Share your infra - The 20,000 foot view

Aug 23, 2021 • Raphaël Ducom

This is the first post in the series "Share your infrastructure"

In this series, I’m going to take you on a journey over our tech infrastructure, our challenges, our legacy, and what matters the most : our mistakes, and what we learned from them.

Few years ago we started informal private meetings with some tech peeps from local organizations in Nantes called “share your infra”, to share feedback, and learn from others. These sessions were very interesting, so let me introduce our infrastructure in this new fresh tech blog.

Ok but, what is Lucca?

We are a French B2B HRIS editor, started 19 years ago (and have kept our startup mindset). Lucca is now a SaaS solution for leave management, expense reports, dematerialization of HR files, online pay slip distribution and time tracking.

We currently have more than 4400 B2B customers, mostly from European countries, but some are worldwide, that’s why we can say our tools are used in more than 100 countries. Our typical customer range is from 50 to 200 employees with some around 2000-4000. The average company size is increasing rapidly (with now companies in the 20k user range).

Some important facts about Lucca : we have no VCs, we are self financed, we love making great and useful products, we have a strong transparency culture (even salaries), and lastly, we love to keep things simple. “We design solutions that provide simple answers to specific needs” :)

Some technical legacy history

Lucca started in the 2000s, as a software company focused on leave management, and selling software for on-premise deployment. Back in those years, the stack was ASP (yes, classic ASP!), with Odbc drivers (so Oracle, MsSQL, even MS Access!). We were not a SaaS : the software was installed on each customer's servers. Usually a “swiss-knife” server, hosting both database and web (and a lot more unknown things).

In 2007, our CEO saw the growing SaaS model, and decided to embrace the SaaS concepts. So we stopped selling on-premise licenses, announced the end of support for on-premises customers, and started to manage our servers using dedicated bare metal instances from 1&1 cloud provider, and then OVH.

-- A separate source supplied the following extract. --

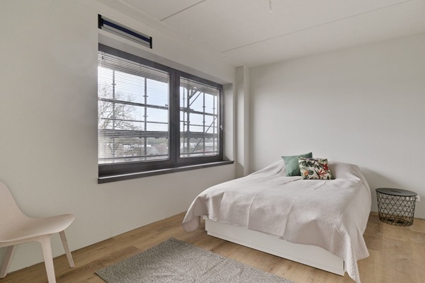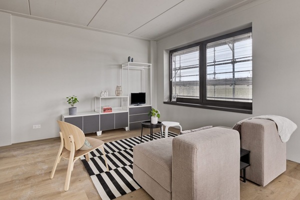 Het appartement is 48 m² groot en heeft een slimme indeling. Als je het appartement betreedt stap je de hal binnen. Hier is de deur naar je eigen luxe badkamer met toilet, wasmeubel en douche. Aan het einde van de hal bevindt zich de open keuken, voorzien van een koelkast en een kleine kookplaat. De woonkamer heeft grote ramen die voor lekker veel licht zorgen. En het uitzicht is overal prachtig. Naast de woonkamer vind je de ruime slaapkamer, groot genoeg voor een bed en een flinke kledingkast. Door het hele appartement ligt al een pvc vloer en alle ramen zijn voorzien van raambekleding.

We migrated most of our customers to our dedicated servers by replicating the same tenancy model : one database = one customer (1 SQL and 1 IIS on the same server, no redundancy). The scaling model was to run ~100 customers (db) per server, and then add another server when filled. It was 2008, and we switched to HTTPS.

In 2012, we designed a new software to manage all our instances, named “CloudControl”. This software is still used to create new instances, and provision previews based on customer anonymized data, and more importantly at that time, deploy the master branch every night on all servers. In 2012, deploying was synonymous with (small) service interruption.

In 2013 two major infrastructure changes : we migrated our dedicated servers to virtualized servers (vSphere 5 running on AMD Opterons CPUs), and added pfSense as firewall/router, reducing our surface exposure. (yes, previously all our servers were internet-facing). We also added a WAF on all our IIS servers, and started monitoring everything with Logmatic, a SaaS log monitoring company (since acquired by Datadog).

That's what automatic SQL schema changes deployment across dozens of dedicated servers looks like in 2016:

A lot of resources

Then in 2016, we added HAProxy LBs for managing HTTPS, rate limits, and custom maintenance pages. We also moved all our static files to Nginx, reducing latency to a few ms. (~100 ms before under IIS).

At that time, we started having bigger customers, and our current scalability model couldn't cope with that. We started a plan for clustering our applications : one dedicated SQL Server, and multiple IIS. We had a lot of in-memory cached data, and needed to start using Redis as a shared distributed cache. At the beginning, we used the “webgarden” feature of IIS, letting us have 2 app pool instances per App per IIS in order to consolidate our Redis usage. And then we switched in late 2018 to a real cluster model.

Lot of things also happened in 2018 : our first .NET Core applications, the first ansible playbooks, a major revamp of our CI/CD stack (Jenkins, SonarCloud, PowerShell deployment scripts driven by Jenkins, a big effort on unit tests, etc.)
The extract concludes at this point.